I was lost, Now I am found
It’s a tragedy that in the prosperous continent of Europe there are still many cases of unwanted children and deficient care. Madeleine Koo (Louise George’s twin sister), writes of how God created an opportunity for Matt & Louise George, then serving as missionaries in Portugal, to make a difference through imitating God’s adopting love.
The email arrives at Christmas. It is a time of year when the sun disappears quickly in the evenings and steely rain falls like sheets against the cobbles of the old Portuguese city. ECM workers Matt and Louise George are caught by surprise. The photo is grainy and the information sparse. Would they fly from Coimbra, Portugal, to Sophia, Bulgaria? Could they meet this little two-year-old boy in the orphanage? Would he become their son? Could they give him a future?

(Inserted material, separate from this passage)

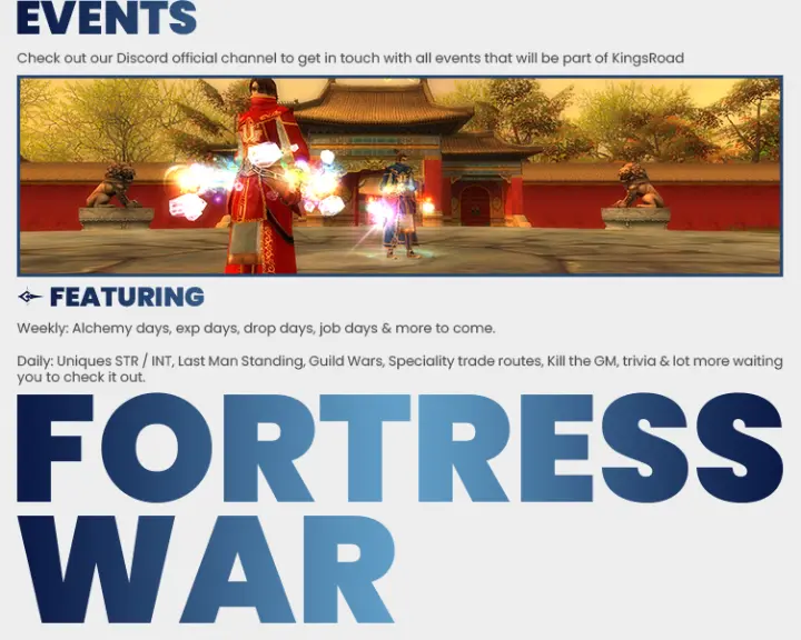 Automatic events will be available in KingsRoad. A play2win system helps you to earn free silks without donating. There are many events available in our game: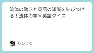 英語×専門分野クイズ 流体の動きと英語の知識を結びつける!流体力学×英語クイズ 英語を学ぶ意味が分からない?勉強してもどうせ使えない?こんなことを考えたことはありませんか?しかし、英語という言語はあくまでも道具で、本来は学習する人の世界を広げるためのツールでしかありません。一つの学問を追求しようとしたら、英語で書かれて... 2025.09.29 英語×専門分野クイズ

Fast forward to autumn, 2018, Sydney, Australia. Four- year-old Calvin plays in the cool water of his paddling pool with his loving older sister, Anabella, aged nine. When he hears the kookaburras laugh in the gumtrees overhead, he pretends to be a monkey as he thinks that’s what he’s hearing. He is getting used to the hot summers and the strange animals. He enjoys going to the park and tasting his first mango.

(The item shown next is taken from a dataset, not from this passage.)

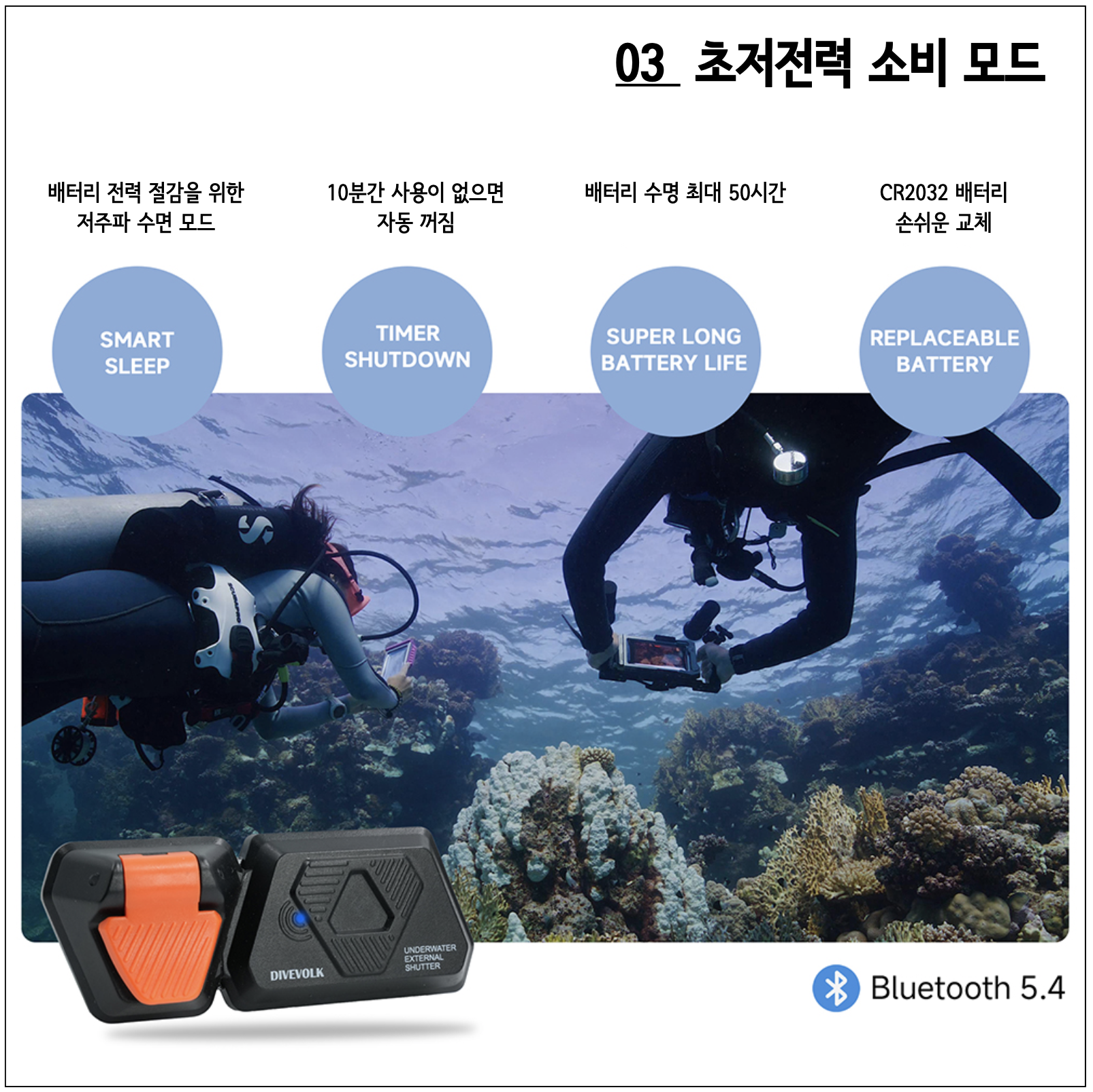 - 배터리 잔량 낭비를 줄이기 위해 수중에서는 "비행기 모드" 상태를 유지하시길 권합니다.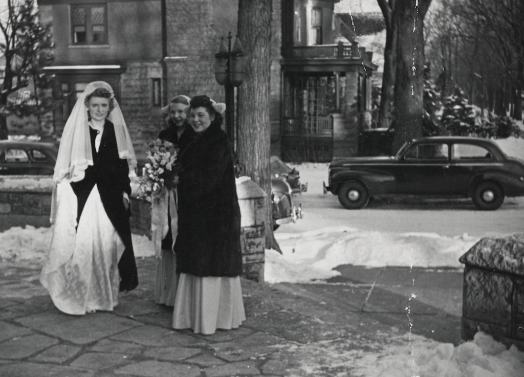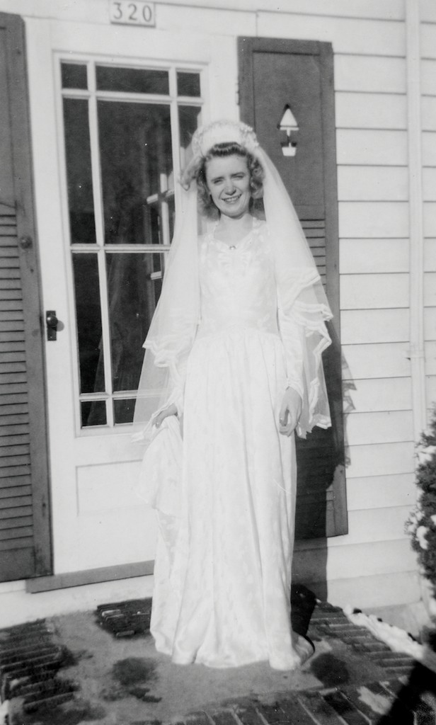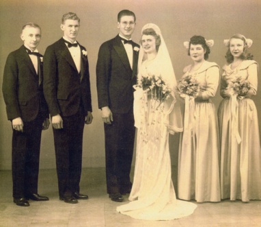 LEFT TO RIGHT: Carl F. Krieser, Ruth’s brother; Robert Kumbier, Leroy’s brother; Leroy and Ruth (Krieser) Kumbier; Annette Maes, Ruth’s and Carl’s cousin from Marion, Wisconsin; and Dorothy Mae Kraemer, Ruth’s best friend from Kimberly. Ruth’s lovely gown is accentuated by her beautiful tiara and veil and also her delicate floral bouquet.

Calvin, (an anglised version of his Bulgarian name Kaloyan, or Kal for short) is of Romany (gypsy) heritage. He lived in a State-run orphanage in Stara Zagora, a town near the Turkish border, from birth. The Georges named their adopted son after the great Reformation theologian John Calvin, whose writings inspired much of the current Presbyterian church doctrine.
“He has a Heavenly Father who has rescued him
... and placed him in a family who loves him”
“It’s hard to believe it was only in 2016 that we were in Bulgaria, committing ourselves to a little boy who didn’t know us, speak our language or trust us,” Louise says.
The Georges entered the adoption program during their 12 years as missionaries in Portugal because they were convicted by their own adoption through Jesus as sons and daughters of the living God. The legal adoption was difficult, and much prayer accompanied the lengthy process that involved three countries.
“The legal adoption process is the context for a relationship that has grown since then,” explains Matt, who is now ECM Director of Australia and New Zealand.
“Little Cal has been transformed. He now speaks (he used to be silent), is almost twice his body weight (from 9 to 17kg), doesn’t eat meals like this one might be his last and is able to concentrate on a toy he likes for 30 minutes rather than 30 seconds.
“Most of all we give thanks that he now knows he has a home and family,” Matt says.
“He has confidence in our presence to make his needs known.”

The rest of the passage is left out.